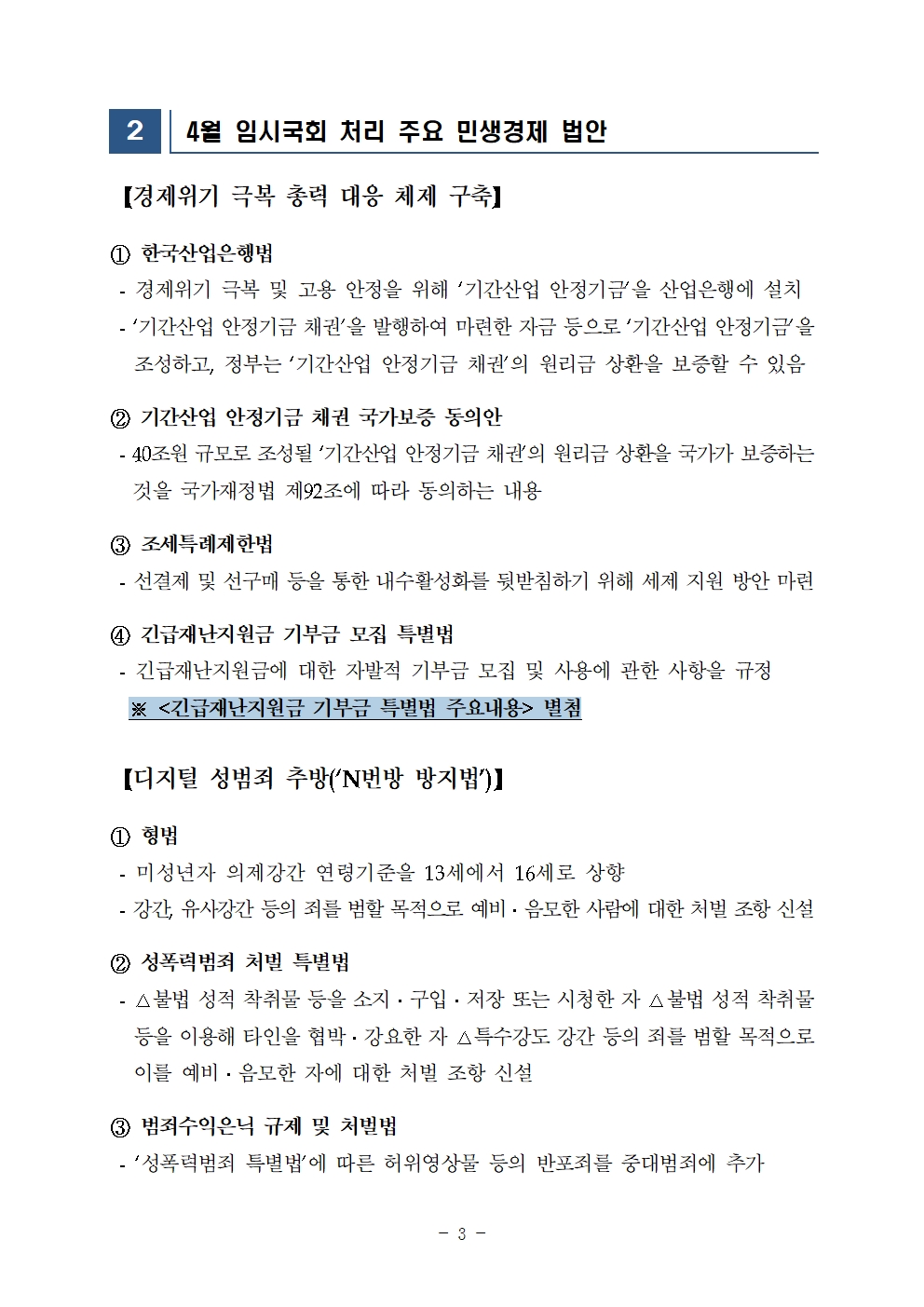 4월 임시국회 추경예산 및 주요법안 처리 성과
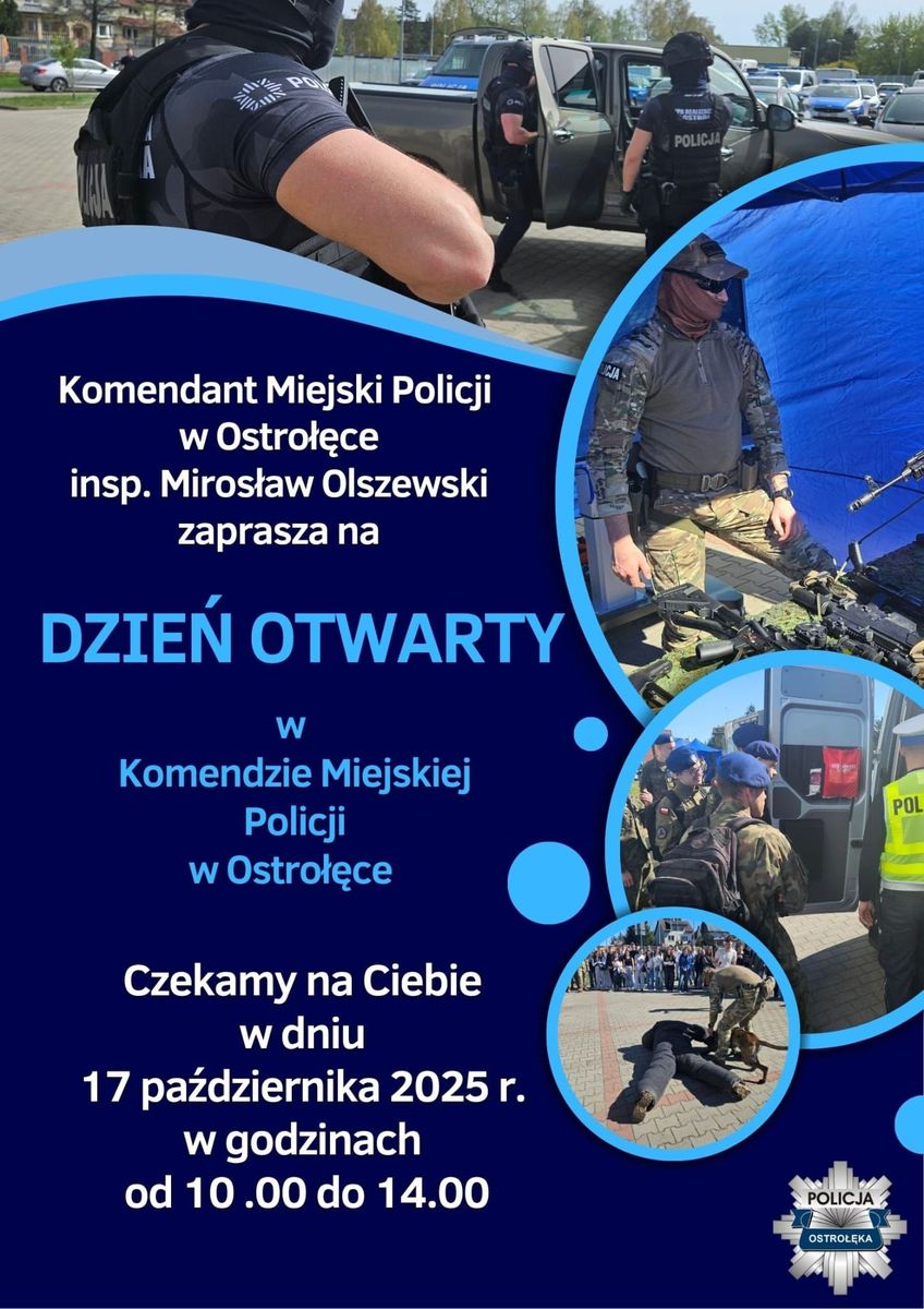 Marzy Ci się praca w Policji? Chciałbyś się dowiedzieć z pierwszej ręki, jak wygląda codzienność policyjnych specjalsów, a może kryminalnych, technika kryminalistyki, bądź funkcjonariuszy drogówki? Nic prostszego - zapraszamy Cię na Dzień Otwarty w Komendzie Miejskiej Policji w Ostrołęce! Kiedy i gdzie? 17 października br. (najbliższy piątek) siedziba ostrołęckich policjantów przy ul. J. Korczaka 16, w godz.10-14. Przygotowaliśmy mnóstwo atrakcji, pokazy różnych służb, także policyjnego sprzętu. Nie może Cię tu zabraknąć! Odpowiemy na wszystkie pytania dotyczące całej procedury naboru do służby w Policji. Szczególne zaproszenie kierujemy do uczniów klas mundurowych, które powstały w tym roku w Zespole Szkół Zawodowych nr 2 i II Społecznym Liceum Ogólnokształcącym w Ostrołęce.
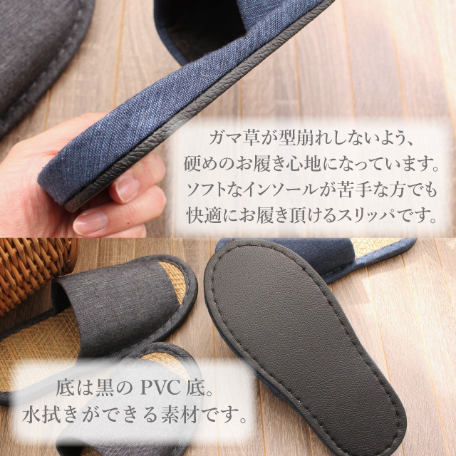 【素材】甲部分:ポリエステル/中敷き:ガマ草・麻/底部:PVC
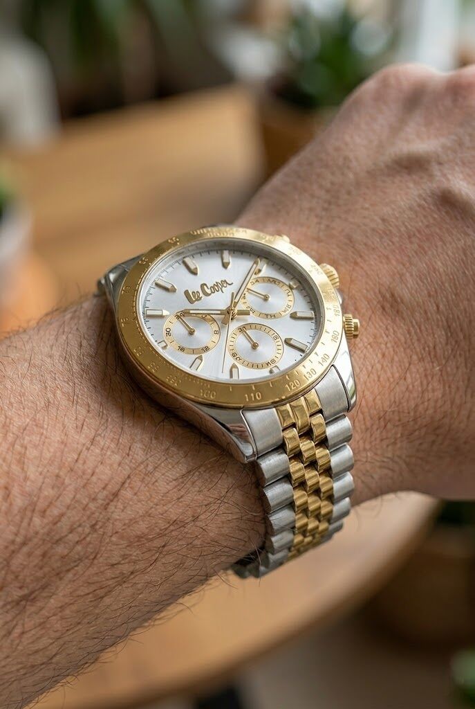 Lee Cooper erkek kol saati, güçlü kasa yapısı ve dikkat çekici detayları ile öne çıkar. Multifonksiyon göstergeleri sayesinde hem şık hem de işlevsel bir kullanım sunar. Silver ve gold tonlarının birleşimi ile klasik ve sportif tarzı bir arada sunar.
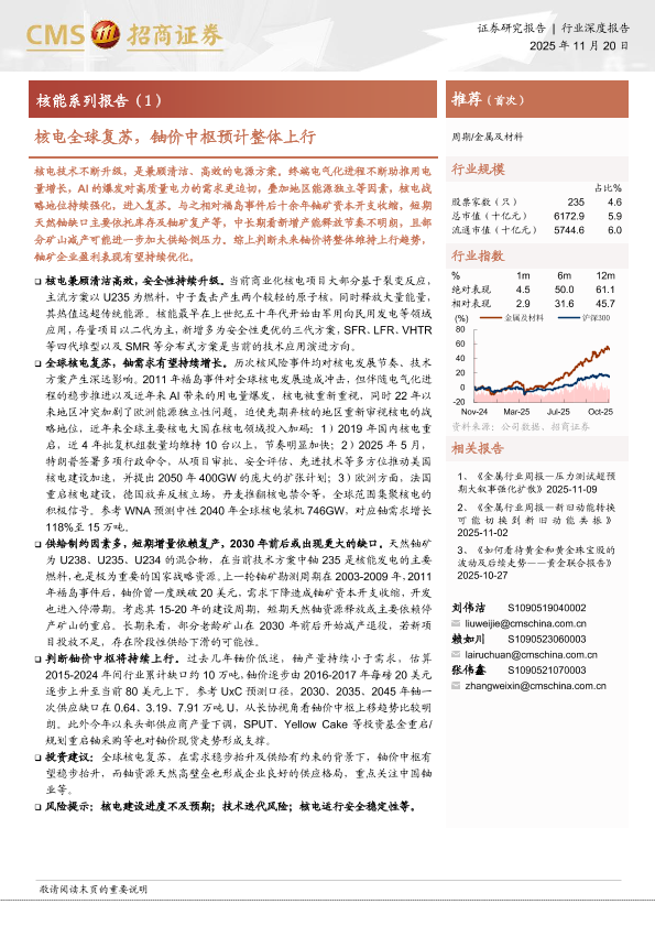 【海通证券】【202511】核电全球复苏,铀价中枢预计整体上行-18页
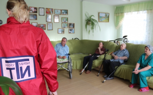 Вечером волонтеры "Службы добрых дел" и активисты Культурно-досугового сектора, вместе с членами партии "Единая Россия"  подготовили собранные подарки и отправились в городской дом ветеранов. Для пожилых людей были исполнены песни их юности и молодости, проведены душевные беседы. Благотворительная акция в очередной раз показала, что в ТТИ НИЯУ МИФИ много неравнодушных и добрых людей. Ветераны были очень благодарны за оказанное им внимание и душевное тепло, а студенты в свою очередь благодарили их за жизнь и ясное небо над головою!
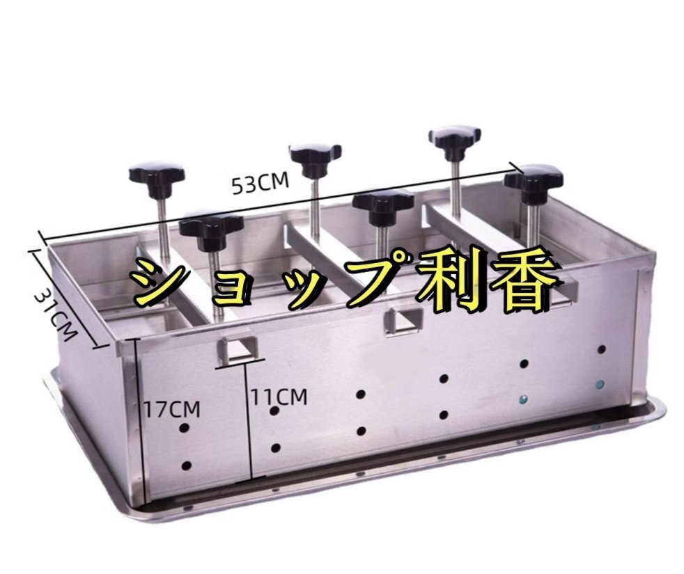 ステンレス製の肉プレス型は、お気に入りの料理にぴったりの形の肉レンガを作りたい人にとって必須のキッチンツールです。ディナーパーティーを主催する場合でも、単に自分や家族のために食事を準備する場合でも、このミートプレスはその利便性、多用途性、全体的な機能性で必ず感動するでしょう。特徴:製品名: 肉プレス金型製品正味重量: 金型 13.7KG製品サイズ: 53*31*17CM プレート 60*40CM 圧力ポート高さ 12.5CM 高さ調節可能 3.5-13cmパッケージは以下を含みます:1 * ステンレス鋼ミートプレス金型
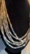 Chico's necklace with multiple silver strands. Features reflective beads for a chic look.
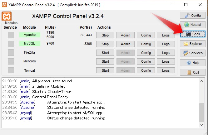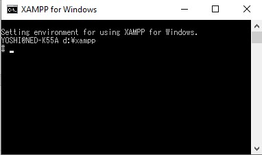 次に、同じXAMPPの画面にある「Shell」を押して起動します。Shellは基本的にはCommand promptと同じです。
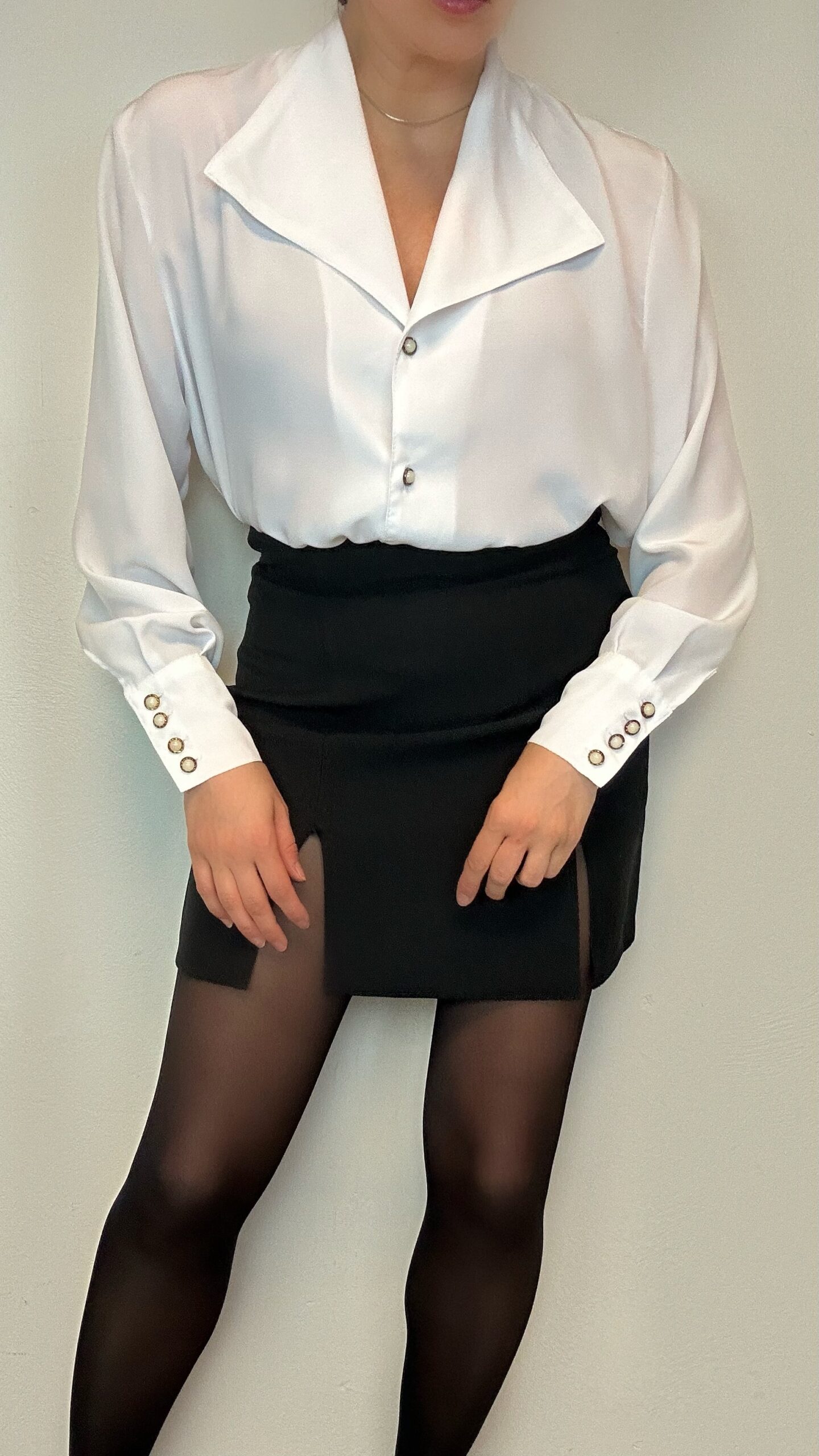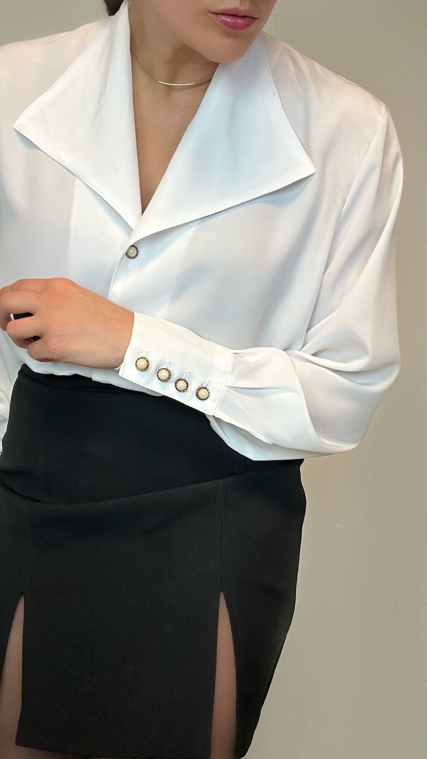 Italian white blouse with cuff sleeves and a big collar1 in stock 70$ Italian white blouse with cuff sleeves and a big collar. Material: Polyester Fit: XL/XXL 44cm Shoulder to shoulder 118cm Chest 61cm Sleeve (from the shoulder) 72cm Length 1 in stock Italian white blouse with cuff sleeves and a big collar quantity Add to cart Categories: All, Blouses
-- -- --
> What the exercise asks: Exact copy, no pictures: write out all the records above.

> Written response:
 4월 임시국회 추경예산 및 주요법안 처리 성과
 Marzy Ci się praca w Policji? Chciałbyś się dowiedzieć z pierwszej ręki, jak wygląda codzienność policyjnych specjalsów, a może kryminalnych, technika kryminalistyki, bądź funkcjonariuszy drogówki? Nic prostszego - zapraszamy Cię na Dzień Otwarty w Komendzie Miejskiej Policji w Ostrołęce! Kiedy i gdzie? 17 października br. (najbliższy piątek) siedziba ostrołęckich policjantów przy ul. J. Korczaka 16, w godz.10-14. Przygotowaliśmy mnóstwo atrakcji, pokazy różnych służb, także policyjnego sprzętu. Nie może Cię tu zabraknąć! Odpowiemy na wszystkie pytania dotyczące całej procedury naboru do służby w Policji. Szczególne zaproszenie kierujemy do uczniów klas mundurowych, które powstały w tym roku w Zespole Szkół Zawodowych nr 2 i II Społecznym Liceum Ogólnokształcącym w Ostrołęce.
 【素材】甲部分:ポリエステル/中敷き:ガマ草・麻/底部:PVC
 Lee Cooper erkek kol saati, güçlü kasa yapısı ve dikkat çekici detayları ile öne çıkar. Multifonksiyon göstergeleri sayesinde hem şık hem de işlevsel bir kullanım sunar. Silver ve gold tonlarının birleşimi ile klasik ve sportif tarzı bir arada sunar.
 【海通证券】【202511】核电全球复苏,铀价中枢预计整体上行-18页
 Вечером волонтеры "Службы добрых дел" и активисты Культурно-досугового сектора, вместе с членами партии "Единая Россия"  подготовили собранные подарки и отправились в городской дом ветеранов. Для пожилых людей были исполнены песни их юности и молодости, проведены душевные беседы. Благотворительная акция в очередной раз показала, что в ТТИ НИЯУ МИФИ много неравнодушных и добрых людей. Ветераны были очень благодарны за оказанное им внимание и душевное тепло, а студенты в свою очередь благодарили их за жизнь и ясное небо над головою!
 ステンレス製の肉プレス型は、お気に入りの料理にぴったりの形の肉レンガを作りたい人にとって必須のキッチンツールです。ディナーパーティーを主催する場合でも、単に自分や家族のために食事を準備する場合でも、このミートプレスはその利便性、多用途性、全体的な機能性で必ず感動するでしょう。特徴:製品名: 肉プレス金型製品正味重量: 金型 13.7KG製品サイズ: 53*31*17CM プレート 60*40CM 圧力ポート高さ 12.5CM 高さ調節可能 3.5-13cmパッケージは以下を含みます:1 * ステンレス鋼ミートプレス金型
 Chico's necklace with multiple silver strands. Features reflective beads for a chic look.
 次に、同じXAMPPの画面にある「Shell」を押して起動します。Shellは基本的にはCommand promptと同じです。
 Italian white blouse with cuff sleeves and a big collar1 in stock 70$ Italian white blouse with cuff sleeves and a big collar. Material: Polyester Fit: XL/XXL 44cm Shoulder to shoulder 118cm Chest 61cm Sleeve (from the shoulder) 72cm Length 1 in stock Italian white blouse with cuff sleeves and a big collar quantity Add to cart Categories: All, Blouses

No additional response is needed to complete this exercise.